## [PROBLEM DETAILS]
Retype the opening lines of the data exactly, stopping after the line that contains "不管是在爱国教育基地,还是在". Skip every picture.

## [SUPPLIED INFORMATION]
"""

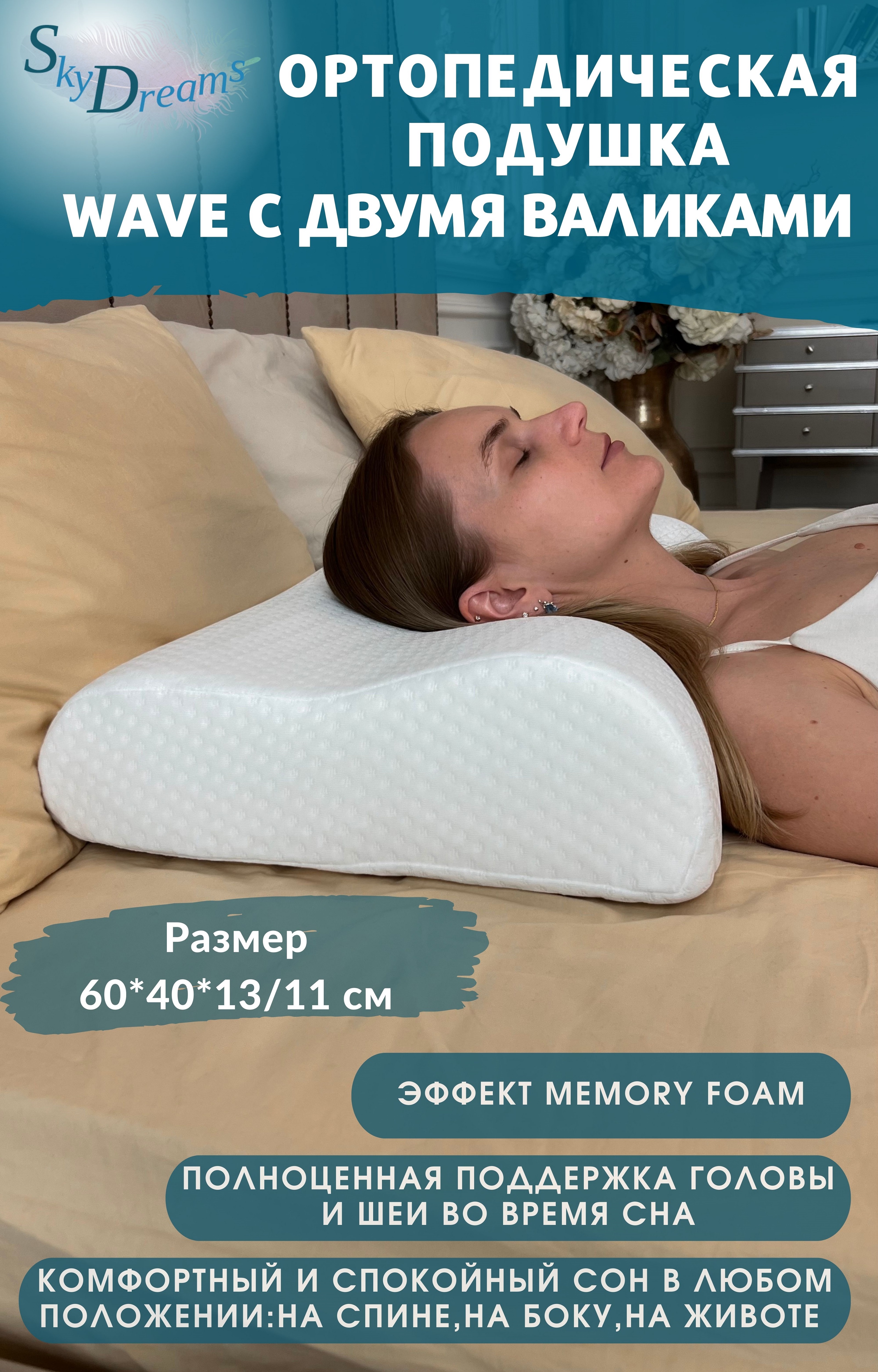 Анатомическая подушка "SkyDreams" WAVE, с эффектом памяти, двумя валиками 60х40х13/11 см
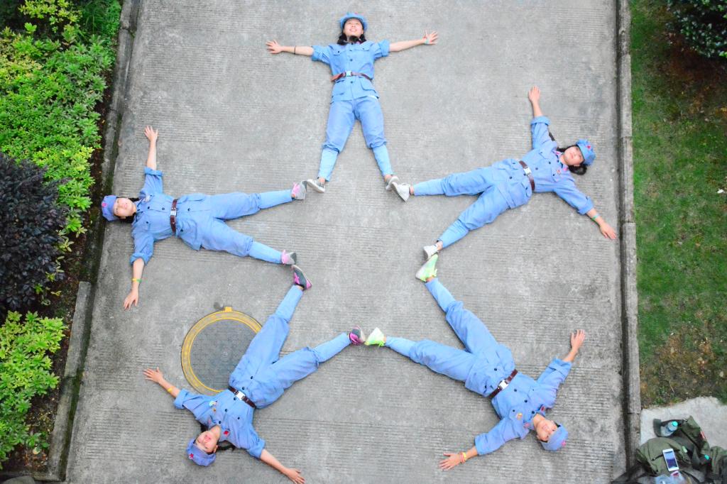 不管是在爱国教育基地,还是在革命遗址,队员们身着红军服,没有去自拍,而是利用人体的艺术美去构造各种星星的图案,“我们还是只是学生,只能以这种简单的方式——用照片致敬我党。”实践队员钟曼这么说道。
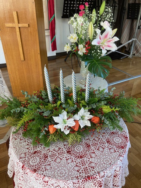教会員のAさんが ご主人と共に ひば(鶴居村のクチョロ原野で)と 松(白糠で)を 採取してくださり ユーカリと ほおずきでの アドベントクランツ
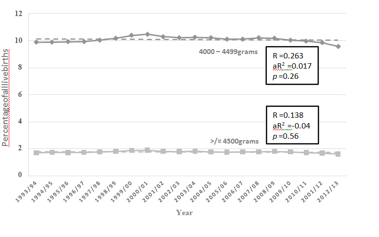 Figure2: Percentage of live born babies with a birthweight of 4000 to 4499 grams () and birthweight of 4500 grams or greater () in Australia during the period 1993 to2013.

"""

## [TASK RESULT]
 Анатомическая подушка "SkyDreams" WAVE, с эффектом памяти, двумя валиками 60х40х13/11 см
 不管是在爱国教育基地,还是在革命遗址,队员们身着红军服,没有去自拍,而是利用人体的艺术美去构造各种星星的图案,“我们还是只是学生,只能以这种简单的方式——用照片致敬我党。”实践队员钟曼这么说道。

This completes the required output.